- **DATA BLOCK**
━━━━━━━━━━

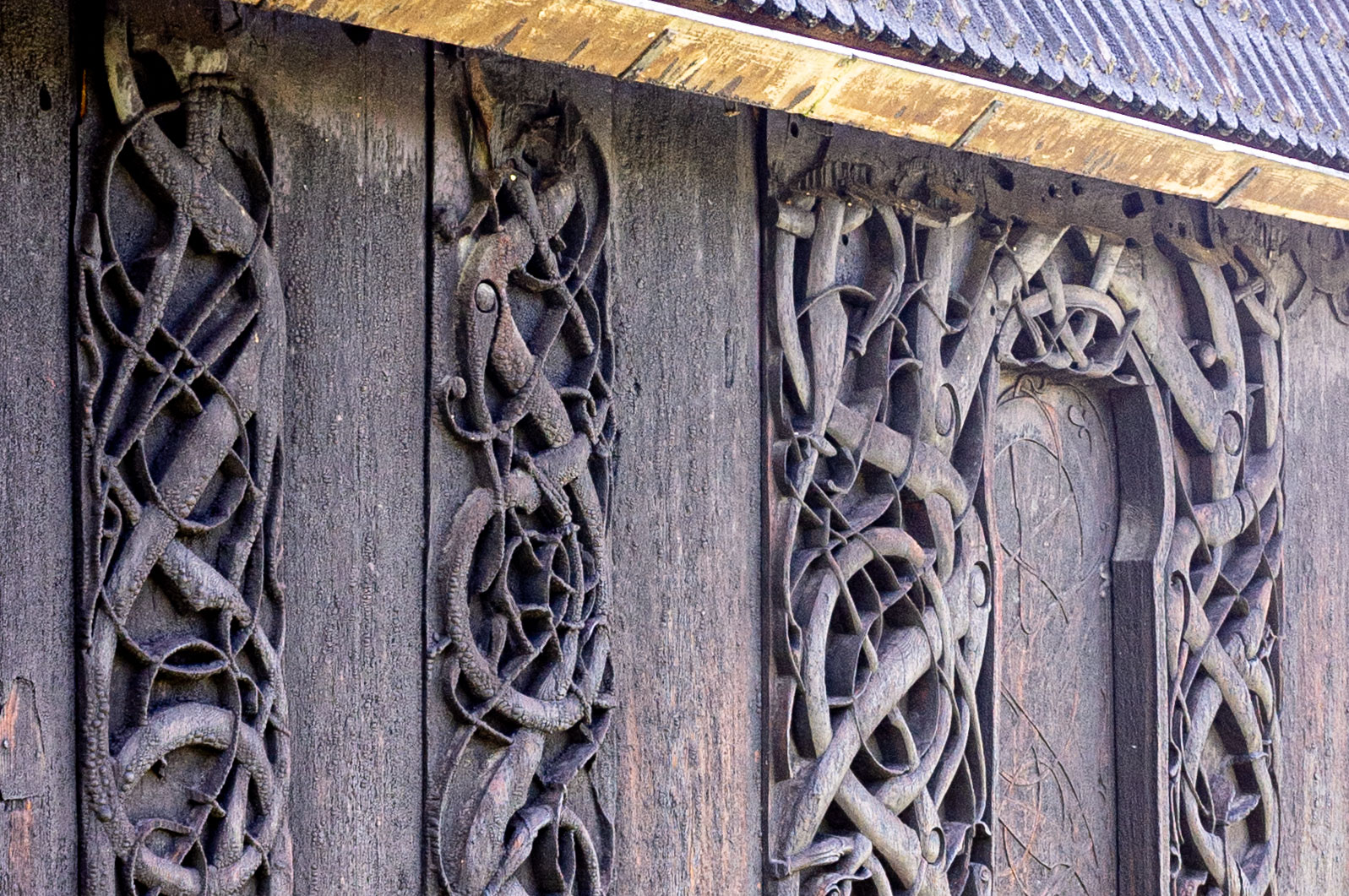 Da portalen og andre materialer fra Urnesstilens kirke på 1130-tallet ble gjenbrukt, ble de alle betydelig korta ned i lengde uten særlig hensyn til ornamentikk og utsmykking. Den fantastiske bevaringsgraden på de gjenværende ornament, og sporene vi kan se av en del av det som er borte, har vært opphav til over hundre og femti års spekulasjon omkring hvordan de tapte felt kan ha sett ut opprinnelig (Hauglid 1976 s. 226)(Krogh 2011 s. 218).
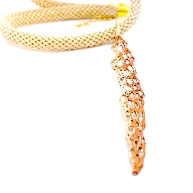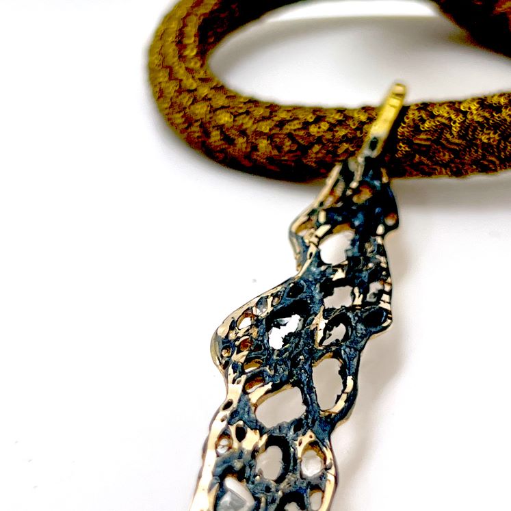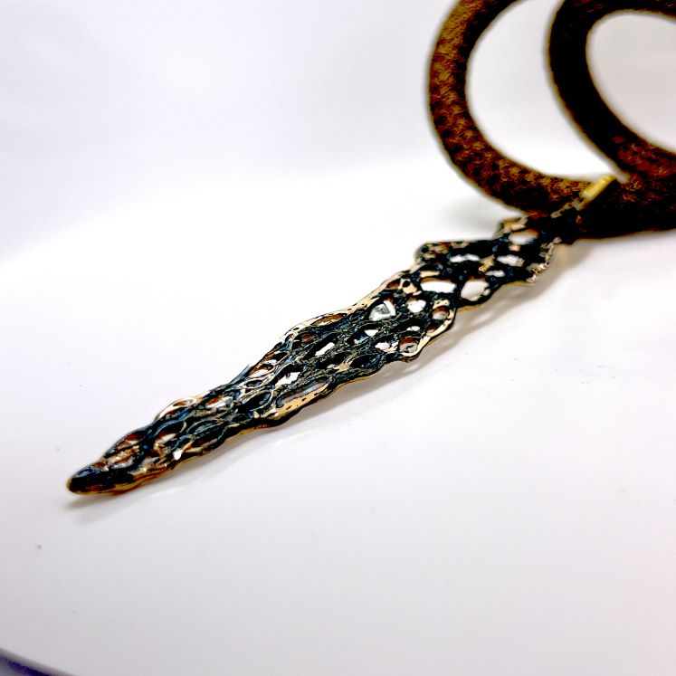 Κολιέ Frontiers K1114 από το εργαστήριο της Tina Kotsoni. Χειροποίητο κολιέ από ορείχαλκο με χρωματιστή πατίνα και δουλεμένο με την τεχνική του διαμανταρίσματος που προσδίδει στο μέταλλο την απόλυτη λάμψη.
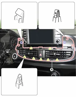 Mittelkonsolenblende (A) mit einem Ausbauwerkzeug entfernen.

━━━━━━━━━━

- **TASK ITEM**
Return each line of the data, keeping its wording exact and omitting pictures.

- **RESPONSE TO THE TASK**
 Da portalen og andre materialer fra Urnesstilens kirke på 1130-tallet ble gjenbrukt, ble de alle betydelig korta ned i lengde uten særlig hensyn til ornamentikk og utsmykking. Den fantastiske bevaringsgraden på de gjenværende ornament, og sporene vi kan se av en del av det som er borte, har vært opphav til over hundre og femti års spekulasjon omkring hvordan de tapte felt kan ha sett ut opprinnelig (Hauglid 1976 s. 226)(Krogh 2011 s. 218).
 Κολιέ Frontiers K1114 από το εργαστήριο της Tina Kotsoni. Χειροποίητο κολιέ από ορείχαλκο με χρωματιστή πατίνα και δουλεμένο με την τεχνική του διαμανταρίσματος που προσδίδει στο μέταλλο την απόλυτη λάμψη.
 Mittelkonsolenblende (A) mit einem Ausbauwerkzeug entfernen.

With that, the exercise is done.